Problem
Produce a verbatim transcript of the entries below, excluding pictures.

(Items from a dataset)
* * *

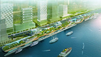 作為新的公共濱江休閑場所的十六鋪地區,綠化率將達到52%,如同一枚綠鉆鑲嵌在黃浦江這一城市腰帶上。記者注意到,十六鋪項目地處黃浦江彎道西側,這一地理位置十分獨特,今后游客在親水平臺上不僅能覽盡對岸陸家嘴金融中心的全貌,而且還能近距離欣賞浦西老外灘萬國建筑群,將270°“無敵”江景盡收眼底。
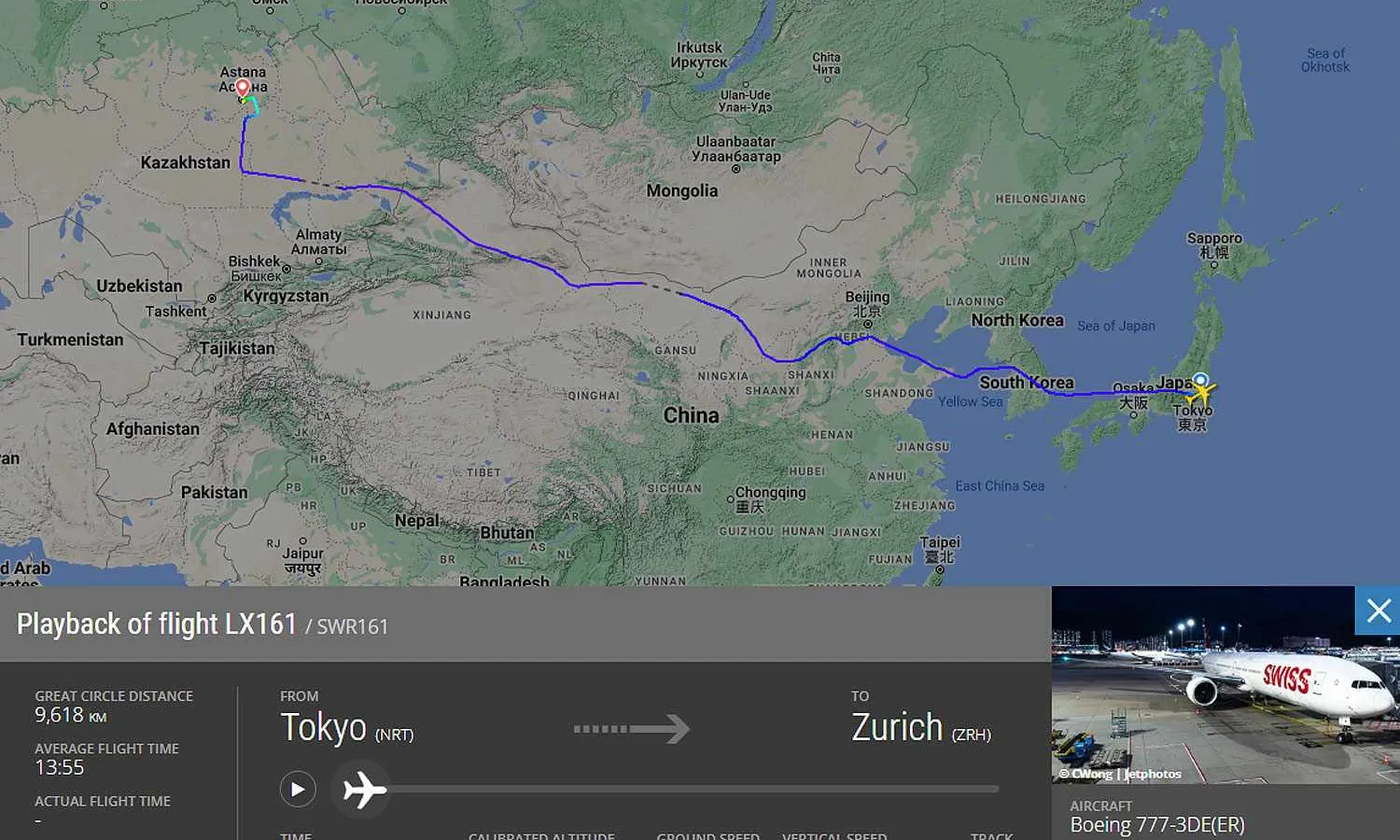 The Boeing 777-300ER, registration HB-JNI, took off from Tokyo bound for Zurich and instead of following the usual polar route to reach Europe, took another route, passing through South Korea and China.
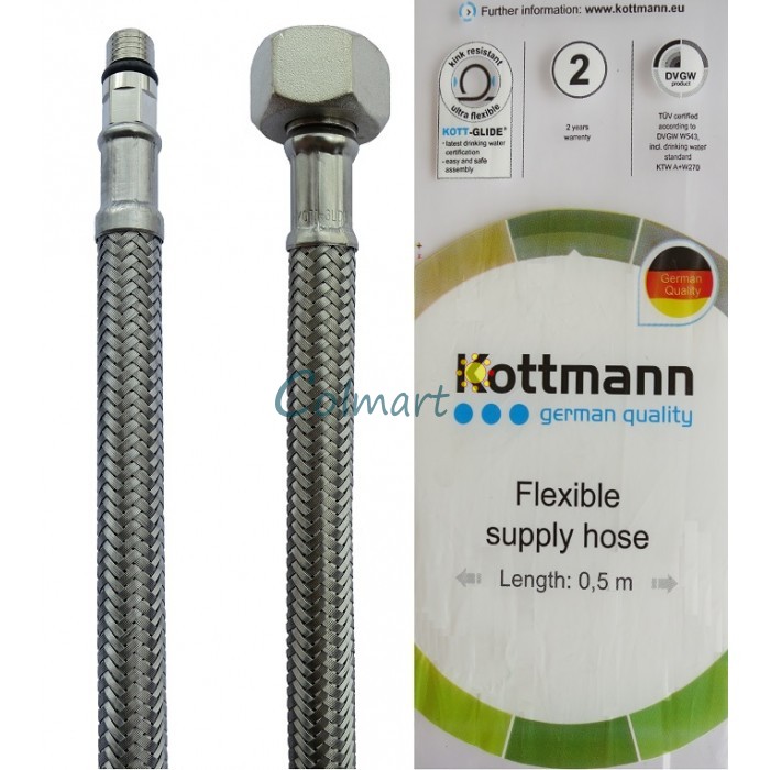 Гибкая подводка воды в нж оплетке производство Германия. Шланг в нержавеющей оплетке к смесителю Kottmann M10*1/2" 100 см с пластиковым шлангом внутри для подключения смесителя.
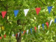 Liberté, égalité, fraternité - These 3 words are sometimes associated with the 3 colors of the French flag, but there is no historical connection - pennants in the village of Cessenon sur Orb, Northwest of Béziers
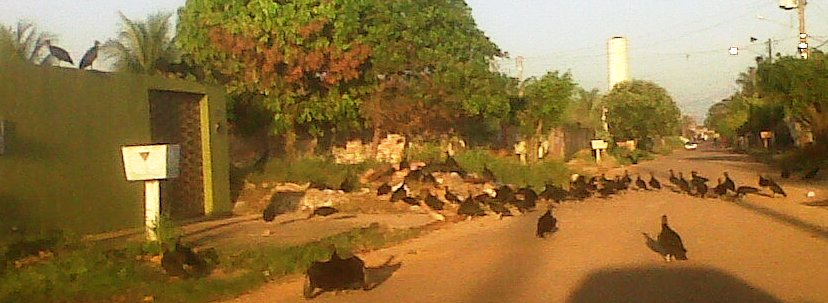 05 de maio de 2012 ESSES MERECEM Por José Carlos Sá O cara joga bicho morto no lote vago em frente de casa e acorda com estes visitantes. A cena foi na manhã de hoje na rua Miguel Ângelo, conjunto Buritis.
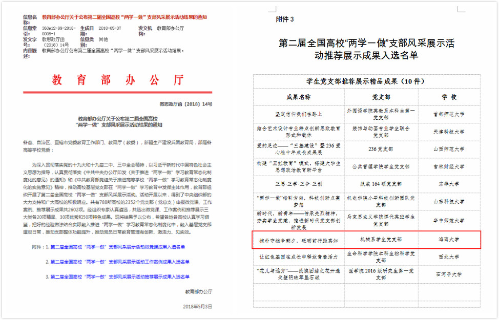 据悉,教育部组织开展的第二届全国高校“两学一做”支部风采展示活动,共收到788所高校的2352个党支部(党总支)的微党课、工作案例、推荐展示成果2602项,经专家认真遴选,员工党支部中共选出微党课、工作案例、推荐展示三大类各10项精品、15项优秀和25项特色成果。
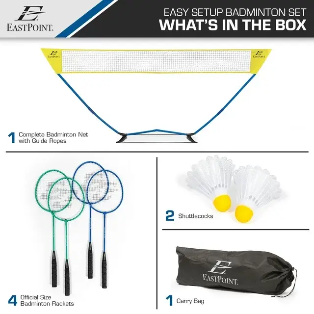 EastPoint Sports Easy Setup Regulation Size Outdoor Badminton Game Set
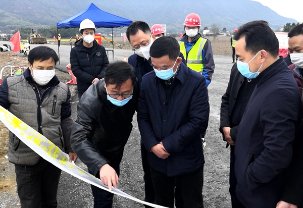 3月1日下午,安徽省交通運(yùn)輸廳總工程師章后忠一行到公司承建的涇縣208省道延伸段調(diào)研防疫和復(fù)工工作,涇縣副縣長程禮奎、交通運(yùn)輸局局長曹建華等陪同。
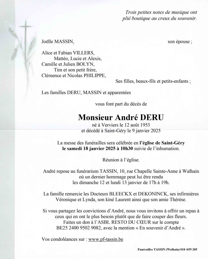 Dans la peine et l’espérance, nous vous annonçons le décès de notre ami André Deru, paroissien de Gentinnes / St Géry, administrateur de l’AOP de St Géry, et grand spécialiste de l’épinette à bourdon.

* * *

Finished task
 作為新的公共濱江休閑場所的十六鋪地區,綠化率將達到52%,如同一枚綠鉆鑲嵌在黃浦江這一城市腰帶上。記者注意到,十六鋪項目地處黃浦江彎道西側,這一地理位置十分獨特,今后游客在親水平臺上不僅能覽盡對岸陸家嘴金融中心的全貌,而且還能近距離欣賞浦西老外灘萬國建筑群,將270°“無敵”江景盡收眼底。
 The Boeing 777-300ER, registration HB-JNI, took off from Tokyo bound for Zurich and instead of following the usual polar route to reach Europe, took another route, passing through South Korea and China.
 Гибкая подводка воды в нж оплетке производство Германия. Шланг в нержавеющей оплетке к смесителю Kottmann M10*1/2" 100 см с пластиковым шлангом внутри для подключения смесителя.
 Liberté, égalité, fraternité - These 3 words are sometimes associated with the 3 colors of the French flag, but there is no historical connection - pennants in the village of Cessenon sur Orb, Northwest of Béziers
 05 de maio de 2012 ESSES MERECEM Por José Carlos Sá O cara joga bicho morto no lote vago em frente de casa e acorda com estes visitantes. A cena foi na manhã de hoje na rua Miguel Ângelo, conjunto Buritis.
 据悉,教育部组织开展的第二届全国高校“两学一做”支部风采展示活动,共收到788所高校的2352个党支部(党总支)的微党课、工作案例、推荐展示成果2602项,经专家认真遴选,员工党支部中共选出微党课、工作案例、推荐展示三大类各10项精品、15项优秀和25项特色成果。
 EastPoint Sports Easy Setup Regulation Size Outdoor Badminton Game Set
 3月1日下午,安徽省交通運(yùn)輸廳總工程師章后忠一行到公司承建的涇縣208省道延伸段調(diào)研防疫和復(fù)工工作,涇縣副縣長程禮奎、交通運(yùn)輸局局長曹建華等陪同。
 Dans la peine et l’espérance, nous vous annonçons le décès de notre ami André Deru, paroissien de Gentinnes / St Géry, administrateur de l’AOP de St Géry, et grand spécialiste de l’épinette à bourdon.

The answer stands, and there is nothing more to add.